A RAG evaluation pipeline that:
  • Runs RAGAS metrics (faithfulness, answer relevancy, context precision)
  • Reports scores to Helicone
  • Tracks evaluation trends over time
  • Identifies low-performing responses

Prerequisites

  • Helicone API key (get one here)
  • OpenAI API key
  • Python 3.8+ with pip
  • A RAG application making LLM calls

Step 1: Install Dependencies

pip install openai helicone ragas datasets
RAGAS is an evaluation framework for RAG pipelines.
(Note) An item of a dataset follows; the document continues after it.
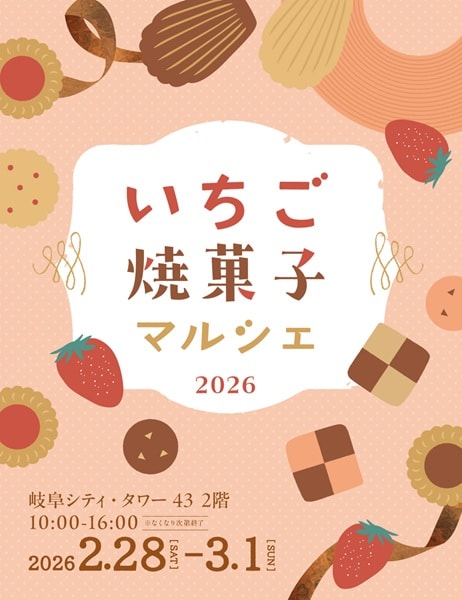 2月28日(土)・3月1日(日)、岐阜シティ・タワー43 2階特設会場にて「いちご焼菓子マルシェ2026」が開催される。

Learn more at docs.ragas.io

Step 2: Set Up Helicone Client

Configure your LLM client to log requests to Helicone:
from openai import OpenAI
import os

client = OpenAI(
    api_key=os.getenv("OPENAI_API_KEY"),
    base_url="https://oai.helicone.ai/v1",
    default_headers={
        "Helicone-Auth": f"Bearer {os.getenv('HELICONE_API_KEY')}",
    }
)

Step 3: Build RAG Function with Tracking

Create a RAG function that tracks Helicone request IDs:
def rag_query(question: str, contexts: list[str]) -> tuple[str, str]:
    """
    Perform RAG query and return answer + Helicone request ID.
    
    Args:
        question: User question
        contexts: Retrieved context chunks from vector DB
        
    Returns:
        Tuple of (answer, helicone_request_id)
    """
    # Format context for prompt
    context_text = "\n\n".join(contexts)
    
    # Make RAG request
    response = client.chat.completions.create(
        model="gpt-4o",
        messages=[
            {
                "role": "system",
                "content": "Answer the question based only on the provided context."
            },
            {
                "role": "user",
                "content": f"Context:\n{context_text}\n\nQuestion: {question}"
            }
        ],
        extra_headers={
            "Helicone-Property-Feature": "rag-qa",
            "Helicone-Property-Environment": "evaluation",
        }
    )
    
    answer = response.choices[0].message.content
    
    # Extract Helicone request ID from response
    helicone_id = response.id  # OpenAI's response ID
    # Note: In practice, you'd get this from response headers
    # when using .with_response() or similar methods
    
    return answer, helicone_id
To get the Helicone request ID from response headers, use the OpenAI client’s .with_response() method or inspect response headers directly.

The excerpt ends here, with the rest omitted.